If you didn't have enough reasons to dislike Hellmuth before, there's at least three more for you.

Addendum, October 30, 2007:

I've been discussing the math of this with a bunch of other people at the http://www.twoplustwo.com/ forums, and one of them just posted a link to this entry from Hellmuth's blog, apparently made soon after the taping of the show in question: http://www.philhellmuth.com/phil-hellmuth-poker-blog.html?id=1866 In this post, he says, "Later on, I figured out that I owed $12,000 to Brandon ($10,000) and Sammy ($2,000), because they insured the very last hand of the night. By the way, Brandon doesn't even know that I owe him $10,000, because I decided that I owe him after the fact! He will be pleasantly surprised, that's for sure."

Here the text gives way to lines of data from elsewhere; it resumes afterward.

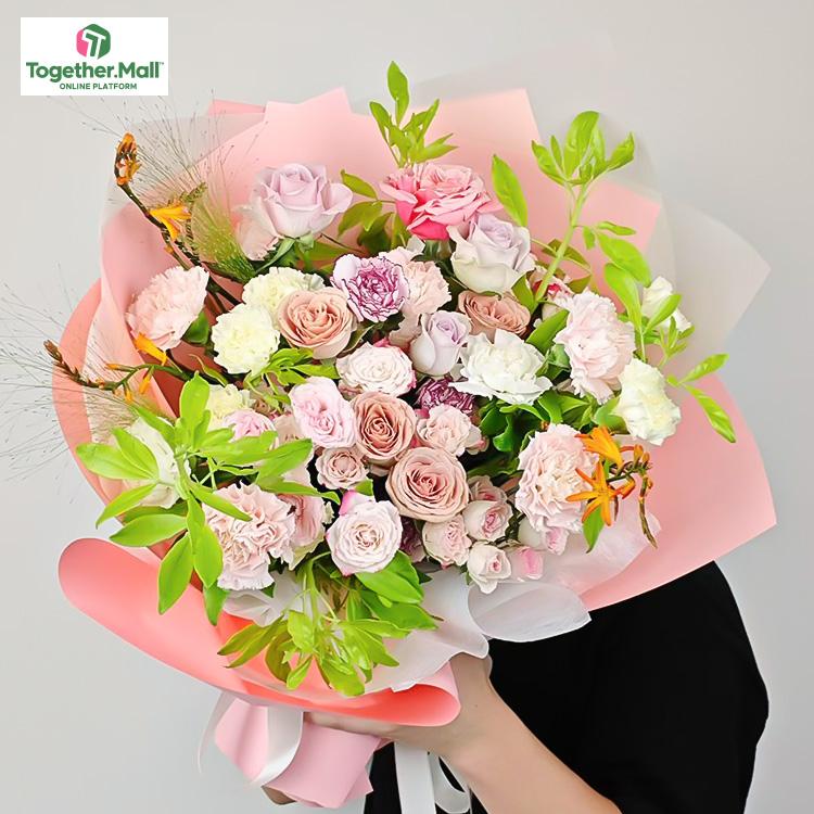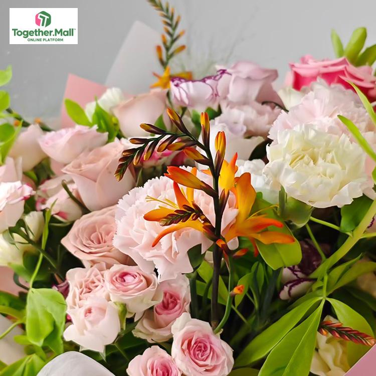 紫精靈康乃馨、白色康乃馨、粉色康乃馨、紫色玫瑰、香檳玫瑰、火焰蘭、時令配花
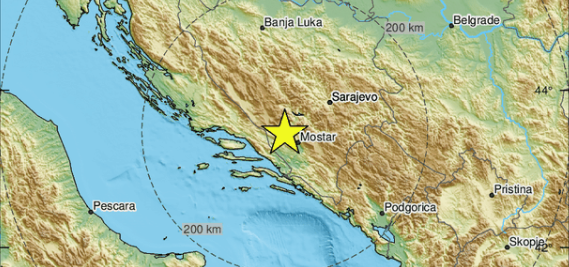 Epicentar potresa bio je na dubini od 60 kilometara, oko 24 kilometra sjeverozapadno od Mostara.
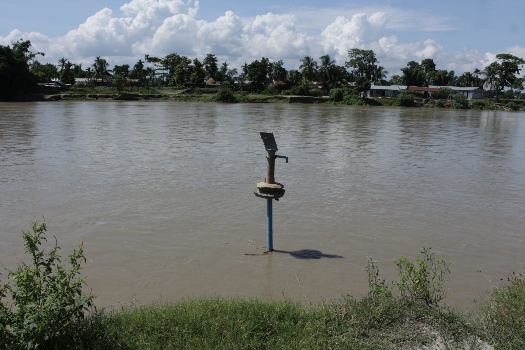 A tubewell stands alone in the current of Nonoi river at No 1 Dholpur village. The tubewell was used by a family before erosion displaced them. | Photo by Mahibul Hoque[/caption]

Glad to know that he finally did the right thing. Still hard to know why they didn't get it sorted out on the spot.


Addendum, November 4, 2007

Brandon Adams just posted a note about this situation to the twoplustwo forums:

Yo, I should have commented on the Hellmuth insurance thing earlier. First off,
Phil is one of my favorite guys in poker. He's not cheating anyone. I'm going
off memory here....The deal was only partially clear in my head at the time of
the insurance. it was obviously a good deal for me. when we chopped, i didn't
know what we were supposed to do, though since insurance naturally is protection
against something bad happening (in this case, a bad beat) and something bad
didn't happen, my first thought was that a chop went to me. but then i started
thinking about it and i realized that the deal was good for me even if a chop
was a chop. so i was confused and decided to let it go. this is just what i
remember thinking... as of now, i have no recollection of the cards and i
haven't read the above. The next day phil runs into mori at the coffee shop and
tells mori that he should have paid me. Phil emailed me to tell me he owed me
10k. I thought about it some more and told him not to pay me. I said this b/c if
i had won with a chop, then that implied some ridiculous vig for me (i still had
a decent edge counting a chop as a chop). He insisted on paying me, I told him
we'd flip a coin for it, then he said he'd pay me $6k. he paid me $6k the first
time i saw him at the series. ba


This is pretty reasonable of Adams. Here's the math on what he's saying: Suppose the deal had been explicitly made that no insurance money went either way in the event of a chopped pot. There are 31 cards that win the whole pot for Phil, 7 for Eli, so the odds against an insurer having to pay out are 31:7, or 4.4:1. That's what Adams is calling the "decent edge counting a chop as a chop." On the other hand, if a chopped pot meant that Phil still had to pay his insurance "premium," then there are 37 cards on which he has to pay it (the 31 that are an outright win, plus the 6 cards that result in a split pot), and only 7 on which he collects insurance. 37:7 is 5.3:1, which is what Adams is here calling "some ridiculous vig for me" (32%, actually, compared to the 11% he decided was "decent").

In any event, it sounds like they ended up settling it like gentlemen.